### What the task asks:
The entries below need to be transcribed exactly, without their images.

### Given information:

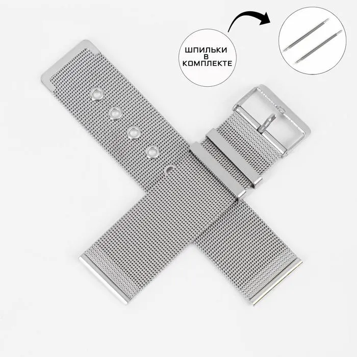 Ремешок для часов "Соломон", 22 мм, нержавеющая сталь, l-18.5 см, шпильки в комплекте — Характеристики
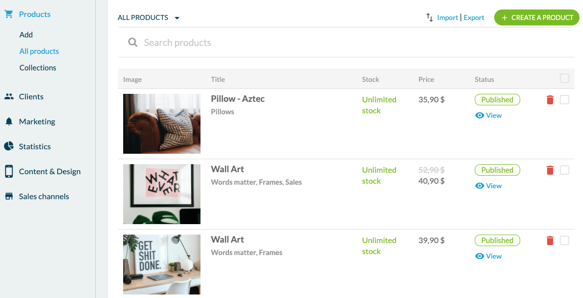 Then in "Products", you can of course add a product . Here you can configure the title and subtitle of the product, add up to 9 photos, text, and variants. You'll also have the possibility to add a crossed-out price, the stock status, and add a reference. Variants are useful to list different sizes, colors, or packaging. For example, if you build an app selling T-Shirts you'll be able to list all sizes and different colors of the T-shirt. No need to create 1 product per color for example. Once the product is created, you'll find it in "all products". Here you'll see all your products and you can arrange them in different collections. Speaking of collections, the following menu allows you to create and configure collections. Collections are groups of products that you'll use to organize the navigation menu and the Home Page.
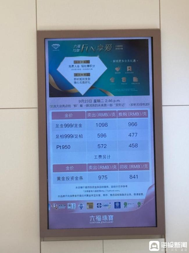 9月23日,六福珠宝店内显示,今日金饰单价上涨至1098元/克,有店员表示9月金价涨势颇猛。
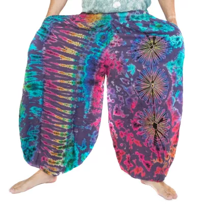 Ce pantalon batik en rayonne est doté d'un élastique à la taille et aux jambes. Ainsi, il s'adapte parfaitement aux hanches et à la taille. En outre, le pantalon peut être fixé à la taille avec un ruban pour un meilleur maintien.
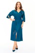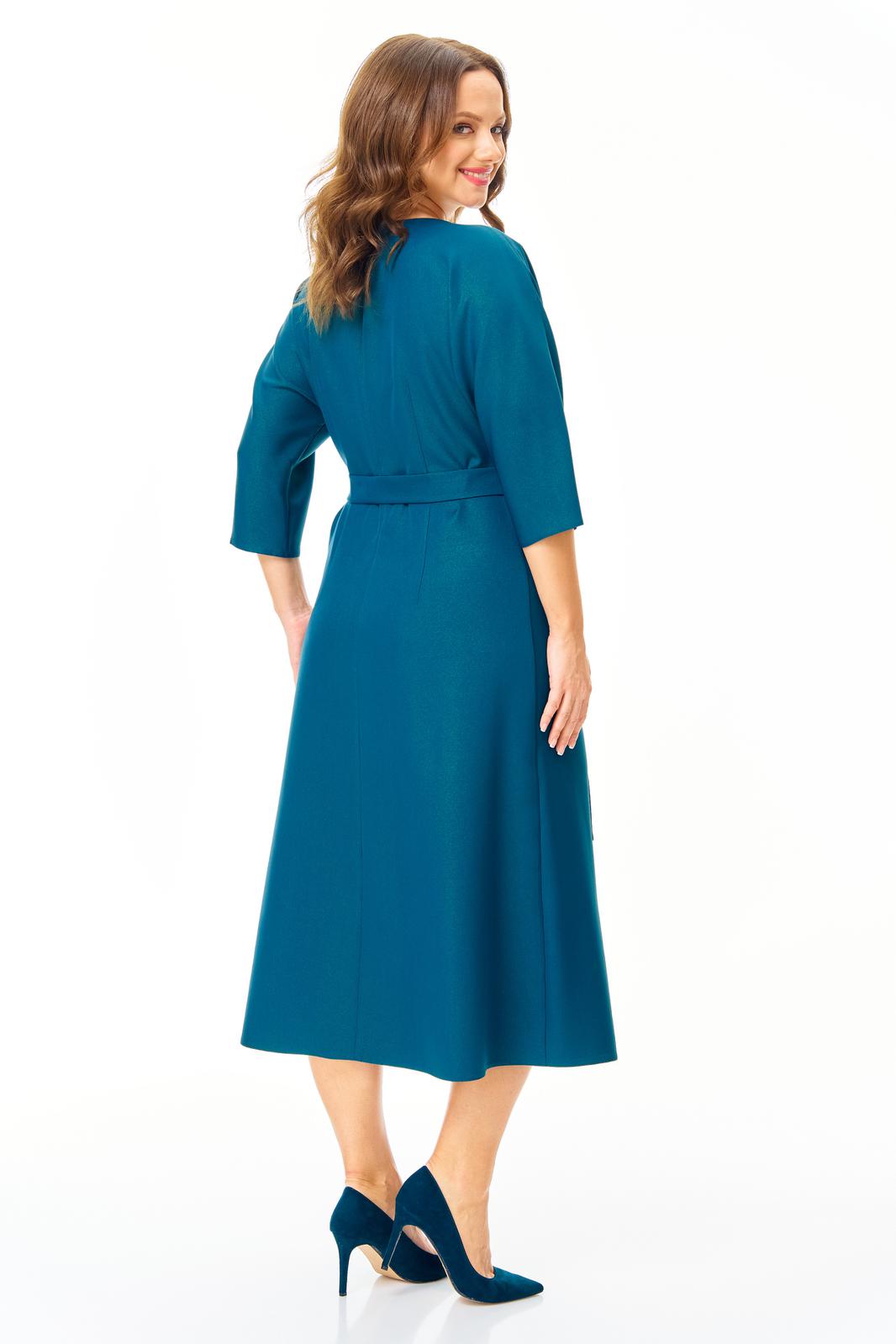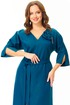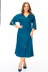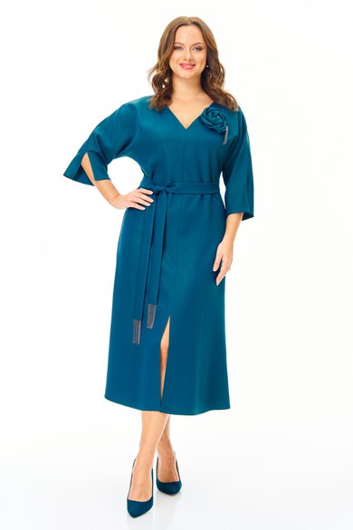 Нарядное элегантное платье из плотной ткани с легким блеском. Украшено съемным цветком. Полуприлегающего силуэта с небольшим расклешением к низу. Горловина V-образной формы. Застежка молния по спинке. Рукав цельнокроеный с разрезом. По переду невысокий соблазнительный разрез. Пояс съемный. Платье без подкладки.

### Response for this exercise:
 Ремешок для часов "Соломон", 22 мм, нержавеющая сталь, l-18.5 см, шпильки в комплекте — Характеристики
 Then in "Products", you can of course add a product . Here you can configure the title and subtitle of the product, add up to 9 photos, text, and variants. You'll also have the possibility to add a crossed-out price, the stock status, and add a reference. Variants are useful to list different sizes, colors, or packaging. For example, if you build an app selling T-Shirts you'll be able to list all sizes and different colors of the T-shirt. No need to create 1 product per color for example. Once the product is created, you'll find it in "all products". Here you'll see all your products and you can arrange them in different collections. Speaking of collections, the following menu allows you to create and configure collections. Collections are groups of products that you'll use to organize the navigation menu and the Home Page.
 9月23日,六福珠宝店内显示,今日金饰单价上涨至1098元/克,有店员表示9月金价涨势颇猛。
 Ce pantalon batik en rayonne est doté d'un élastique à la taille et aux jambes. Ainsi, il s'adapte parfaitement aux hanches et à la taille. En outre, le pantalon peut être fixé à la taille avec un ruban pour un meilleur maintien.
 Нарядное элегантное платье из плотной ткани с легким блеском. Украшено съемным цветком. Полуприлегающего силуэта с небольшим расклешением к низу. Горловина V-образной формы. Застежка молния по спинке. Рукав цельнокроеный с разрезом. По переду невысокий соблазнительный разрез. Пояс съемный. Платье без подкладки.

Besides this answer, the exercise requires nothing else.